The onset of COVID-19 ultimately prolonged his latest trip home, as China has yet to lift its restrictions on foreign travelers. While staying with family in La Cañada Flintridge and in between flights to Miami to get East Coast wholesale distribution off the ground, Arias said that’s when he discovered the extra clothing and contacted his old friend, Mizuki.
“Whenever I do events like that — when you bring joy to someone — it’s gratifying,” Arias said. “That’s kind of a little bit more fuel to going out and doing what you do.”
Mizuki said his team, which includes nearly two dozen others in development, hopes to do alpha and beta testing on the app soon and launch by the year’s end. He added that the pandemic represented an unexpected delay in development.

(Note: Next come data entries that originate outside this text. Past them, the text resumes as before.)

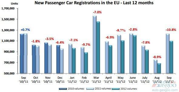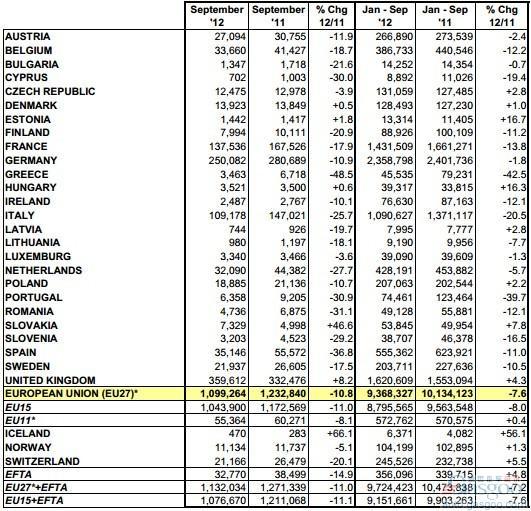 若欧盟27国加上欧洲自由贸易联盟EFTA中的冰岛、挪威和瑞士3个北欧国家,今年9月欧洲的乘用车销量为1,132,034辆,同比下降11.0%,去年同期的销量为1,271,339辆;前三季度销量为9,724,423辆,同比下降7.2%,去年同期的销量为10,473,838辆。
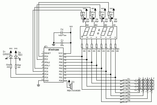 http://bascom-forum.de/index.php?action=dlattach;topic=10.0;attach=143;image auf dem Bild hier sind keine WIderstände an der Matrix. >Also: PB0 -> Draht -> Beinchen vom Taster 'a' -> > Draht -> Beinchem vom Taster 'b' -> > Draht -> Beinchem vom Taster 'c' -> > Draht -> Beinchem vom Taster 'd' -> > Widerstand -> Vcc da schreibst du aber von nem Widerstand. Ist das ein Pullup? Wenn ja, da könnte ich ja auch den internen des Mega32 nehmen, oder?
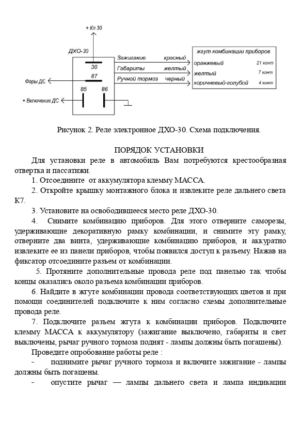 Реле выполнено в размере стандартного реле и имеет три дополнительных провода для подключения к жгуту проводов комбинации приборов. Это необходимо для реализации правильного алгоритма работы дневных ходовых огней.
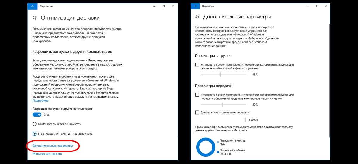 Включение этого параметра в настройках может ускорить получение самых последних обновлений для Windows 10. Это происходит за счёт того, что скачивание файлов будет производиться не только с серверов Microsoft, но и с компьютеров обычных пользователей (именно по такому принципу работают торренты). Ваш компьютер в этом случае также будет раздавать части уже загруженных обновлений другим пользователям в интернете. При лимитном подключении к интернету такая передача будет остановлена. Если далее в этом пункте параметров нажать на ещё одну ссылку «Дополнительные параметры», то можно самостоятельно ограничить скорость закачки от других пользователей Windows 10 в интернете, а также отдачу им своих обновлений.
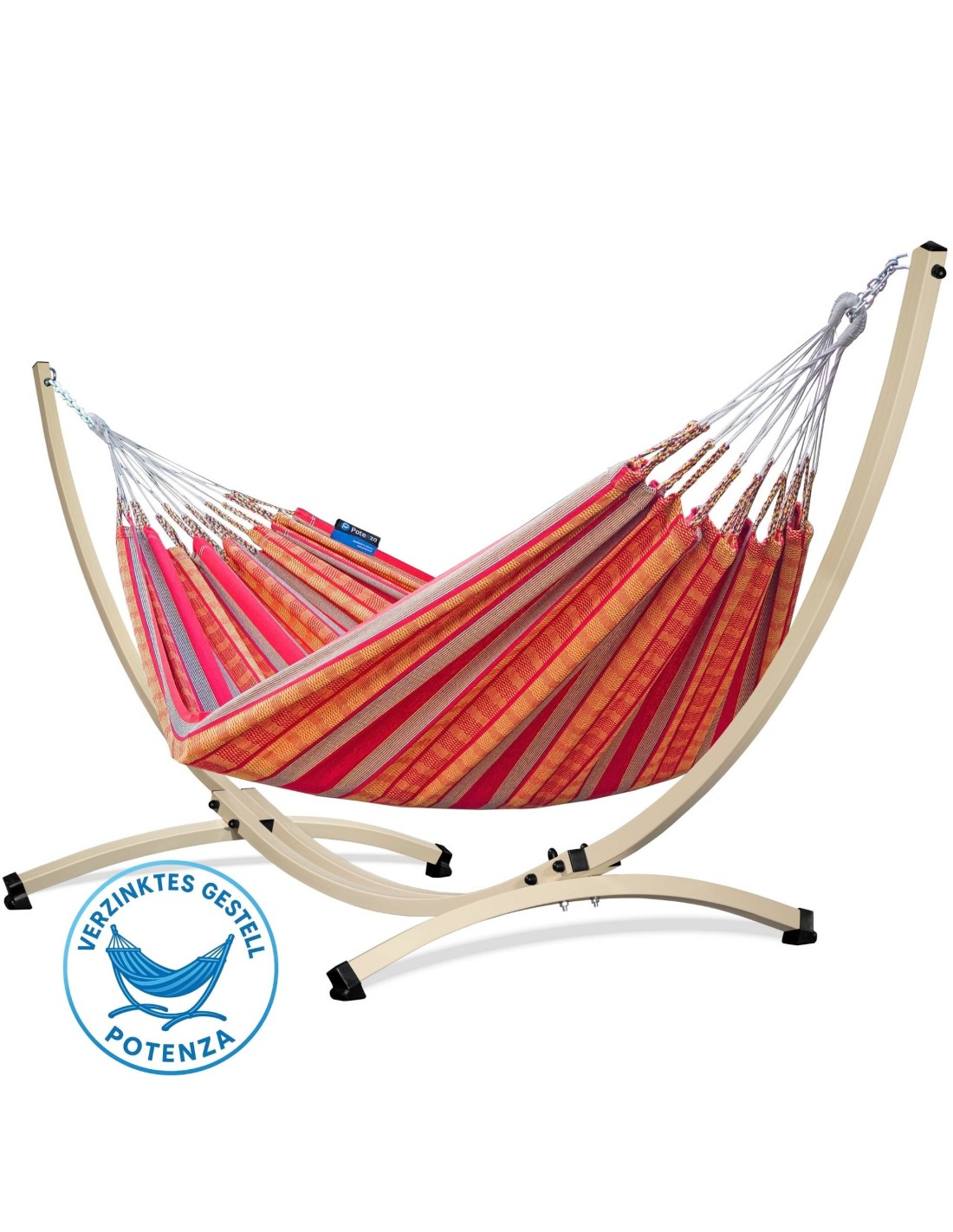 Pereira 220x140cm Hängematte mit Gestell, Hängemattengestell aus Stahl Feuerverzinkt oder Pulverbeschichtet 370cm
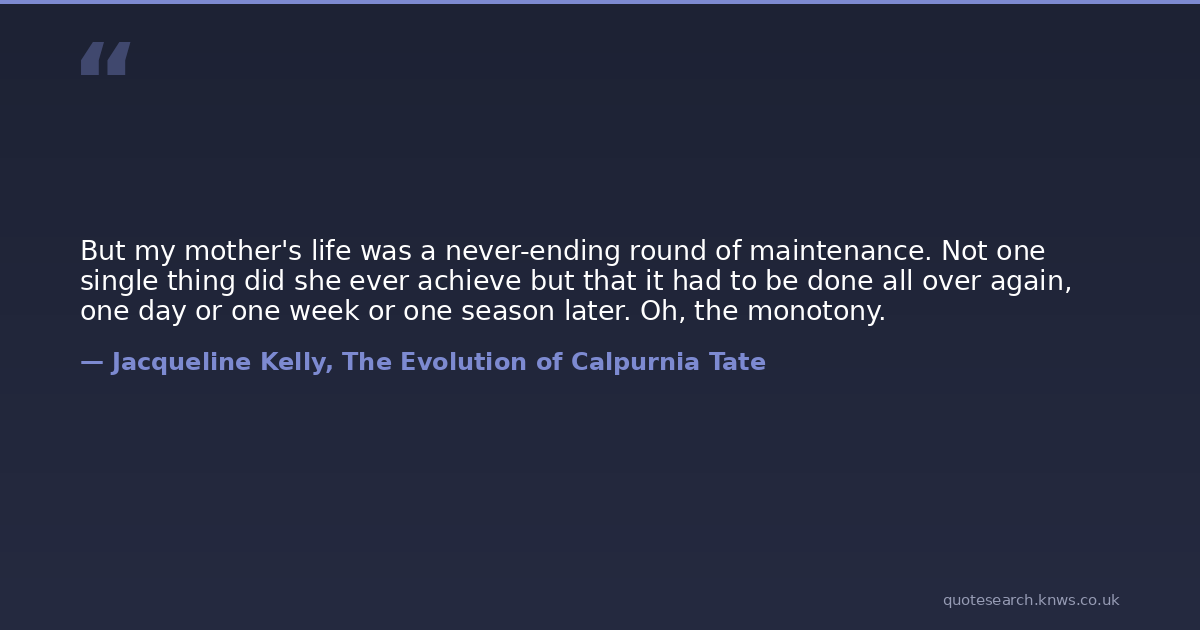 But my mother's life was a never-ending round of maintenance. Not one single thing did she ever achieve but that it had to be done all over again, one day or one week or one season later. Oh, the monotony.
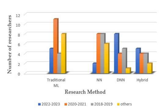 When using physical models to predict fuel consumption, researchers are required to possess strong domain knowledge, and the application scope is limited, making it challenging to widely apply them to vehicles with different characteristics. The introduction of data-driven methods effectively addresses the limitations of physical models. Well-trained models in data-driven approaches can consider data from different factors as inputs, and their application extends to a wider range of vehicle types. This paper discusses the applications of traditional machine learning (Traditional ML) and the neural network method in the prediction models of fuel consumption based on data-driven models (the process of realizing a fuel consumption prediction by the model is shown in Figure 2). Therefore, based on the existing studies listed in this paper, the above two commonly used data-driven methods are summarized from the two aspects of research years and the number of researchers (as shown in Figure 3).
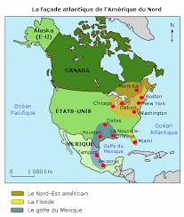 · Une zone de cyclones : en effet, à la fin de l'été et au début de l'automne des masses d'air chaud et humide en provenance du monde intertropical sont à l'origine de cyclones tropicaux qui ravagent les côtes du Golfe du Mexique et la Floride entraînant bien souvent des dégâts humains et matériels considérables
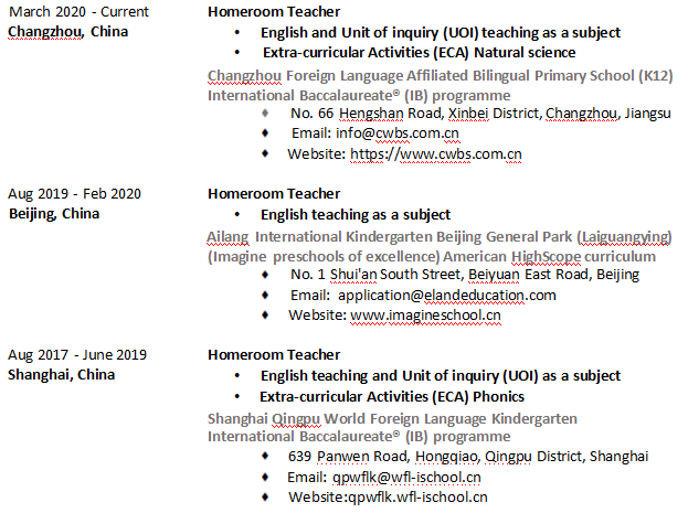 碩士,有TEFL, 傾向小學,幼兒園職位 |
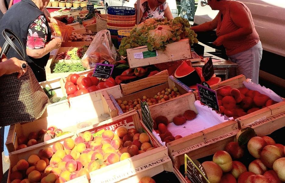 Petit marché avec la présence de divers stands : légumes et fruits, pains, fromages, poissons...
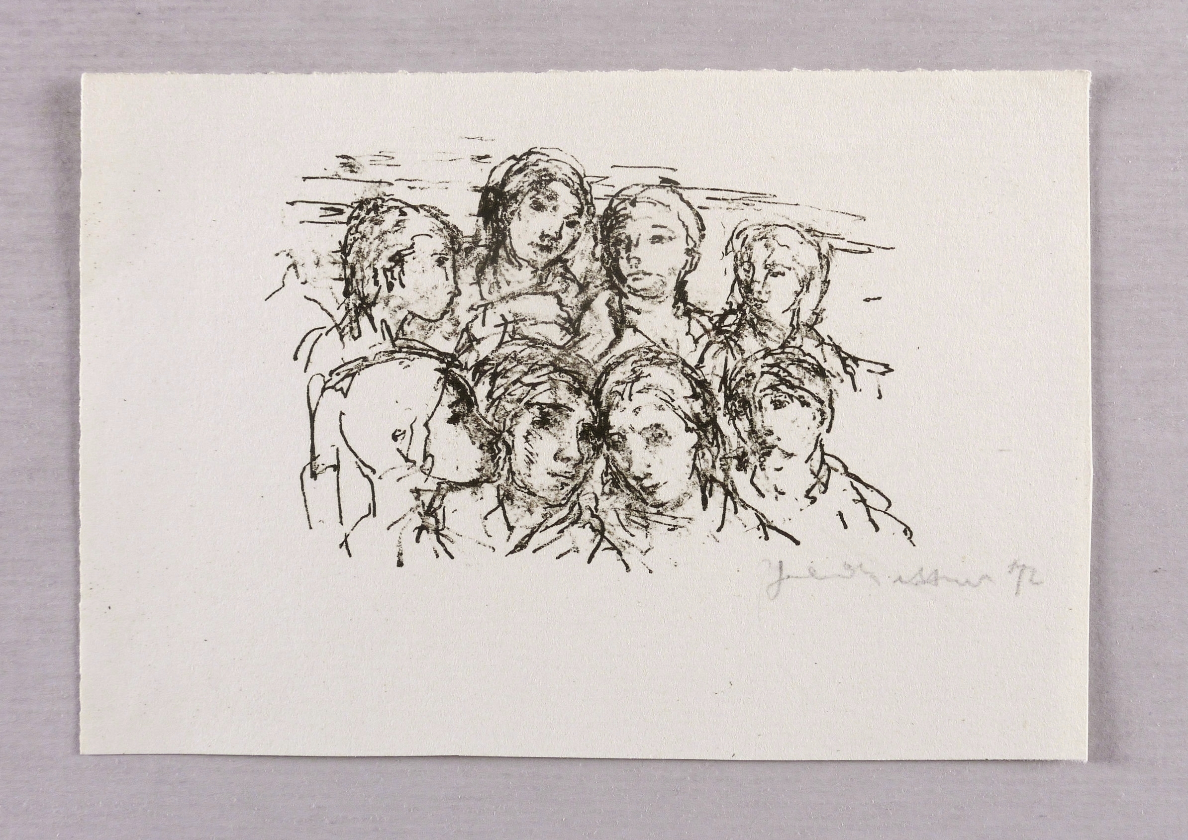 1972. Lithografie / Federlithografie, in Schwarz, auf hellgelbem Maschinenbütten. – Originale Künstlergrafik, von Gerhard Kettner. – 6,5 x 9,5 cm (Darstellung / Druckbild), 11 x 15 cm (Blatt).

“Our development team really just started getting back to work two weeks ago,” he said. “Our goal is to make sure that it’s at a well-functioning place to do a launch definitely before the end of the year. Ideally, if we could do it by October or November, it would be awesome, but we definitely want to make sure we do it right. We don’t want somebody to download it, have a bad experience with it and then delete it. We want it to be up to par.”
Arias said he identified with one of the goals of the app, which was to help connect more people to worthwhile causes. He said he developed the instinct to give back after joining a mission to clean up a beach on an island in the Philippines, during which he and his firm donated toys and clothing to the local families who helped.
“It was very difficult to find something” to get involved with after returning stateside, Arias said, “so I think James’ app is going to be really helpful to people and make things less of a hassle.”